### What you are asked to do
Your answer should be only the lines below from the one with "Gras und Heu." to the one with "2021年11月28日,由校", repeated exactly, ends included.

### Extracted information
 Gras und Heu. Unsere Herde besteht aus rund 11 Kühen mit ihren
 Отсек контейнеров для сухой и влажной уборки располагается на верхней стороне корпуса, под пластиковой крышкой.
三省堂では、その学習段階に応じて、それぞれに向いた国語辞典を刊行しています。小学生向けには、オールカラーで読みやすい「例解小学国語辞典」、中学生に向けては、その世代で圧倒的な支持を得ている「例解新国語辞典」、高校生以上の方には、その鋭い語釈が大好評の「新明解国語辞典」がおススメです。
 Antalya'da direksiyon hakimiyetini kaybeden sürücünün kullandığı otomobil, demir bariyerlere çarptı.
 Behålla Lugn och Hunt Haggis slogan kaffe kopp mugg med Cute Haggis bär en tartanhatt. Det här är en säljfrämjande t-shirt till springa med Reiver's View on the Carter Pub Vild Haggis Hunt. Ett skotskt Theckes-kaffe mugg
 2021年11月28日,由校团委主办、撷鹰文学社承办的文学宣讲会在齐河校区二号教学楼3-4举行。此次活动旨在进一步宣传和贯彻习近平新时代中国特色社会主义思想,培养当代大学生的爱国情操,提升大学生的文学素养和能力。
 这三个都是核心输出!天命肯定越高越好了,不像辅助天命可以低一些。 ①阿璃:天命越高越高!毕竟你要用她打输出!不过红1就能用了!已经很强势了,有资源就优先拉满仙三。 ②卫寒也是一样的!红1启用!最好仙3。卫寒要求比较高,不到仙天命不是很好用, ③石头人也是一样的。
--
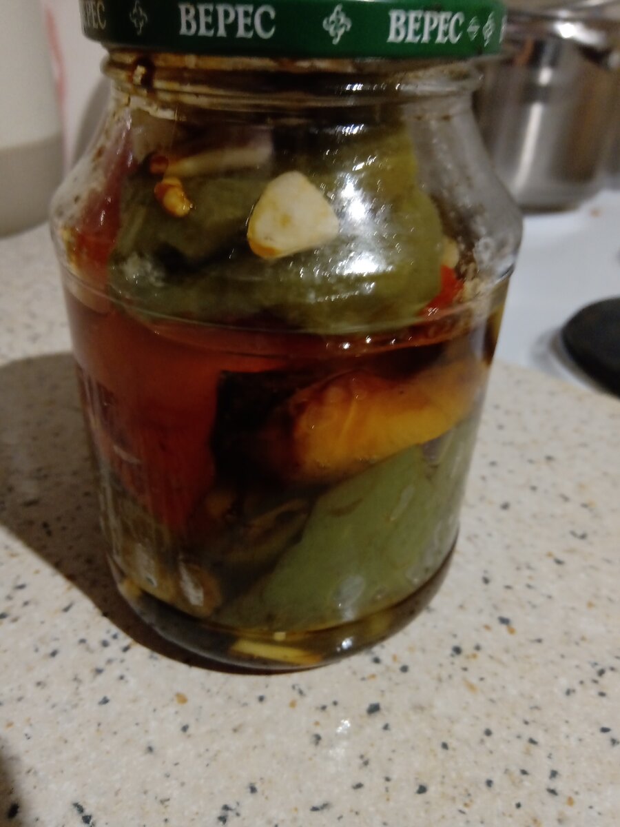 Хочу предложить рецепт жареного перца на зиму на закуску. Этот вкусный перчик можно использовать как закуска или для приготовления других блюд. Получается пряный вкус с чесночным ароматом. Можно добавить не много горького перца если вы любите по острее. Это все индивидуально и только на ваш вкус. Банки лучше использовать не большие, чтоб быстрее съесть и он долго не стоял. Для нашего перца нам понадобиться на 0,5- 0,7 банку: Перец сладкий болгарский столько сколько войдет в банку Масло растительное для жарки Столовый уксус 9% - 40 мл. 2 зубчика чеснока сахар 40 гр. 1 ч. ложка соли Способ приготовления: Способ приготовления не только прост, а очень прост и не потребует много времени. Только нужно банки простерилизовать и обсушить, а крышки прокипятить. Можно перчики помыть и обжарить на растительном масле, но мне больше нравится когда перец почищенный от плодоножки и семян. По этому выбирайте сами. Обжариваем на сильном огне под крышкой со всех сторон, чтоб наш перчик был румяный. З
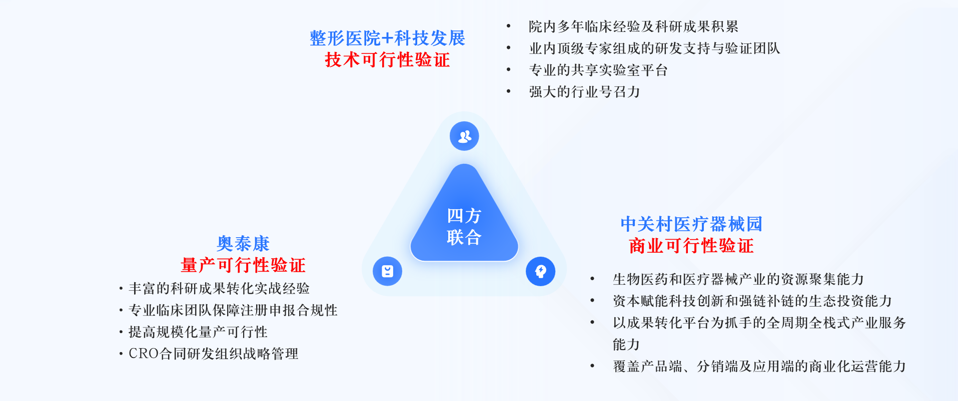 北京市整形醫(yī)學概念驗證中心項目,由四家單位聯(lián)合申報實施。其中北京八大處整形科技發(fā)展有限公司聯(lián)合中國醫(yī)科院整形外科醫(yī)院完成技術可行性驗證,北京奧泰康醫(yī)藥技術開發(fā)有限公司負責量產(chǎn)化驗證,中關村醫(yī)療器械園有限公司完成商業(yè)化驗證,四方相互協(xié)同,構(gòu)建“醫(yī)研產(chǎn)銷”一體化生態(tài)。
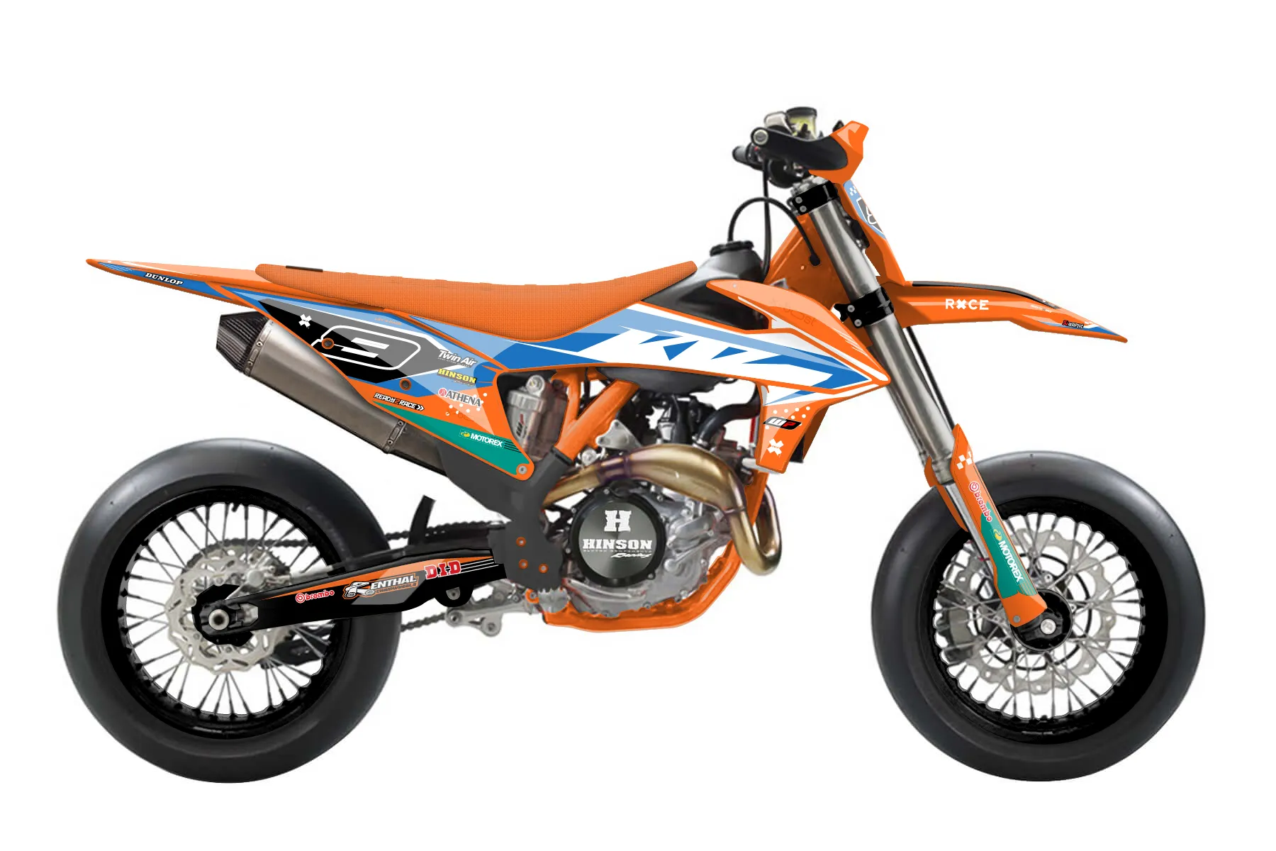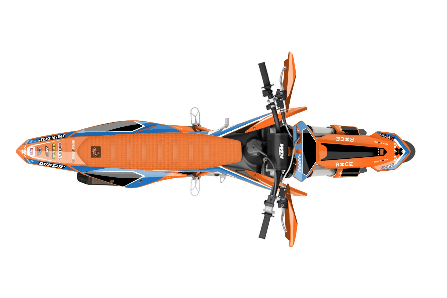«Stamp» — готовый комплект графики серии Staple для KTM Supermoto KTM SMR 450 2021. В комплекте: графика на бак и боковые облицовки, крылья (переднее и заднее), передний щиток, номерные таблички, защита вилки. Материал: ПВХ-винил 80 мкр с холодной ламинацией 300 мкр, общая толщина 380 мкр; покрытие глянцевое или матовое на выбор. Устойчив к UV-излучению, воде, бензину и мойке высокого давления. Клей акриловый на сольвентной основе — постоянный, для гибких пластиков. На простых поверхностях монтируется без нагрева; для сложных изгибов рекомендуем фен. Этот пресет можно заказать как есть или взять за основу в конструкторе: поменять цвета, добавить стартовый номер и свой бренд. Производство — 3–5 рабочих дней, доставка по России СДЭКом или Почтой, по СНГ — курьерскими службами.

### Answer for this exercise
 Gras und Heu. Unsere Herde besteht aus rund 11 Kühen mit ihren
 Отсек контейнеров для сухой и влажной уборки располагается на верхней стороне корпуса, под пластиковой крышкой.
三省堂では、その学習段階に応じて、それぞれに向いた国語辞典を刊行しています。小学生向けには、オールカラーで読みやすい「例解小学国語辞典」、中学生に向けては、その世代で圧倒的な支持を得ている「例解新国語辞典」、高校生以上の方には、その鋭い語釈が大好評の「新明解国語辞典」がおススメです。
 Antalya'da direksiyon hakimiyetini kaybeden sürücünün kullandığı otomobil, demir bariyerlere çarptı.
 Behålla Lugn och Hunt Haggis slogan kaffe kopp mugg med Cute Haggis bär en tartanhatt. Det här är en säljfrämjande t-shirt till springa med Reiver's View on the Carter Pub Vild Haggis Hunt. Ett skotskt Theckes-kaffe mugg
 2021年11月28日,由校团委主办、撷鹰文学社承办的文学宣讲会在齐河校区二号教学楼3-4举行。此次活动旨在进一步宣传和贯彻习近平新时代中国特色社会主义思想,培养当代大学生的爱国情操,提升大学生的文学素养和能力。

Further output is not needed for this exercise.